A way out as in the old structure is not possible under the new circumstances. Going forward liquid and overnight funds should not be entered into a structural obligation.

Impact: The risk is reduced in liquid and overnight funds. True to their label, they will be less risky. Returns may be low.

5. Exit load for liquid funds

So far there is no exit load for liquid funds. Going forward if investors are redeeming within 7 days, then they will have to pay a marginal exit load.

Impact: Because of the exit load, it will not be a very attractive investment to invest in liquid funds for less than 7 days.
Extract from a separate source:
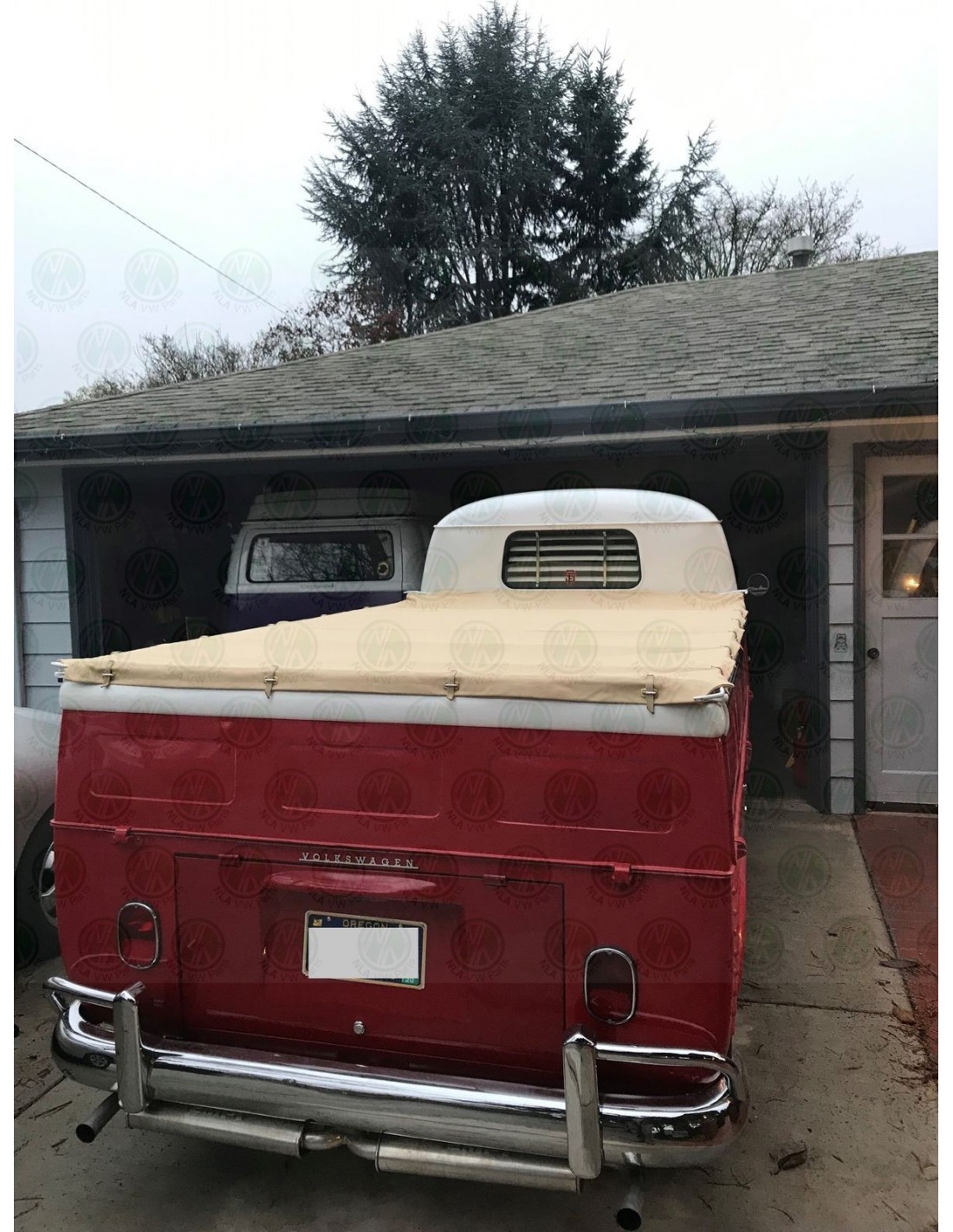 This canvas fits all VW T2 Splits Single cab pick ups with original dropsides nicely.
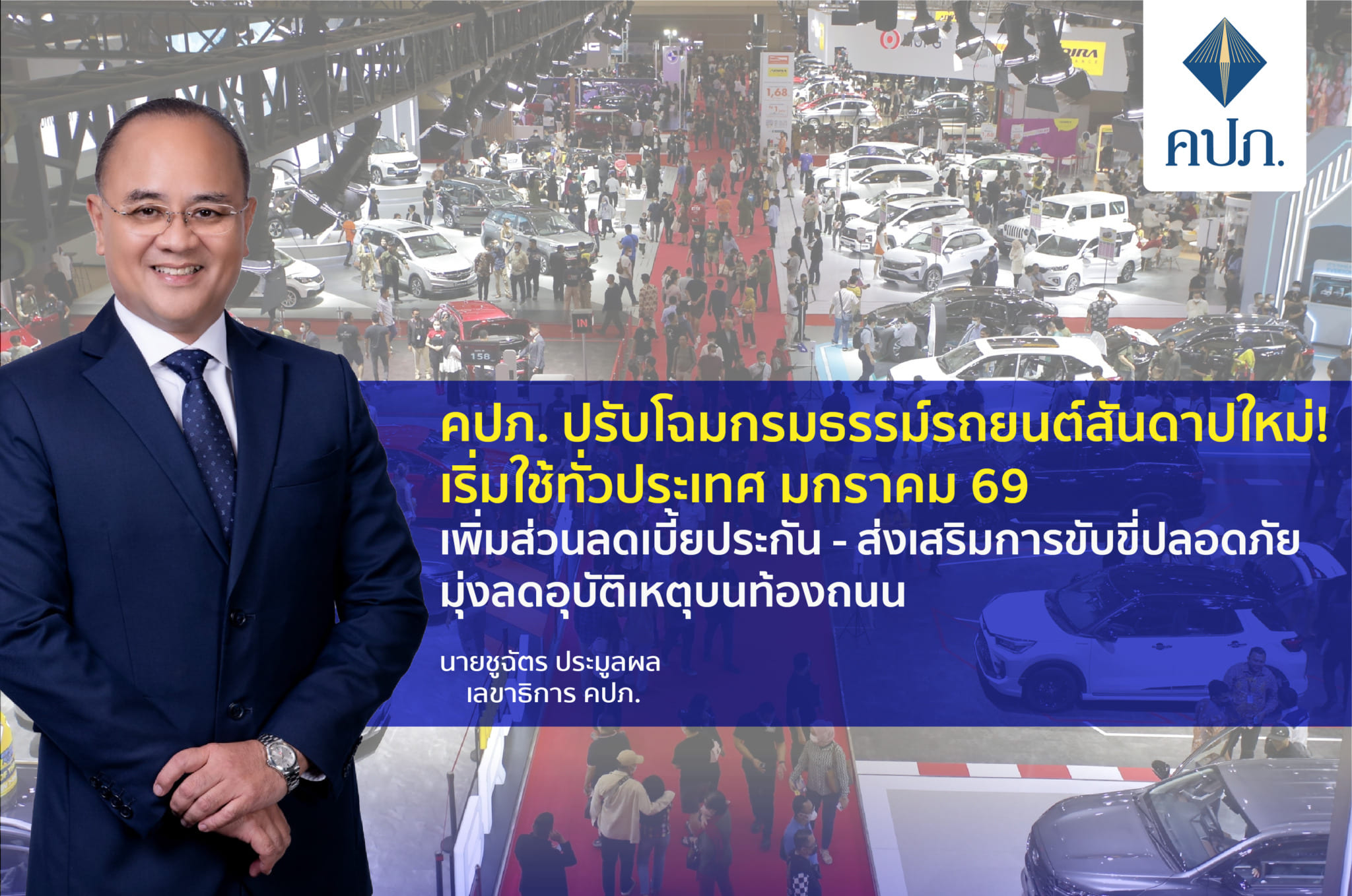 สำนักงาน คปภ. ยกระดับระบบประกันภัยรถยนต์ ปรับแบบกรมธรรม์ใหม่ บังคับระบุชื่อผู้ขับขี่พร้อมให้ส่วนลดพิเศษสำหรับผู้ขับขี่ดี มีผลเริ่มใช้ปี 2568

Hence it is expected that an investor who wishes to invest within 7 days might move into overnight funds.

6. Invest only in listed NCDS

Mutual funds should invest only in NCDS which are listed in the market. Private placement by promoters with mutual fund industry is restricted.

Impact: Since investment is permitted only in the listed securities, it will be helpful for the fund house to exit their investment at any point of time by selling the bonds/NCD in the market. Indirectly this will help the investor to exit the funds easily. This makes these investments more transparent.

7. Security cover should be four times

When corporations get money from mutual funds, they usually provide shares as security. The value of the shares should be at least two times more than that of the loan. Now it is increased from two times to four times of the loan. 

For example, if mutual fund industry is giving hundred crores to a particular corporation, they usually should provide security for the value of 200 crores. Going forward they should provide security cover for 400 crores as a collateral for the loan.

Impact: This way risk in mutual funds will come down. Another school of thought is that the fund houses will not be able to get suitable corporations capable of giving 4x security for their loans.

Meenakshi Sundaram Kannan


Because of these changes proposed by SEBI,
  1. Risk is coming down in debt funds
  2. If Risk is low - Returns is low. The returns may come down slightly.
  3. One important point we should keep in mind while investing our hard-earned money in debt funds is that, we should analyze the portfolio of the schemes, to understand where they have invested the money.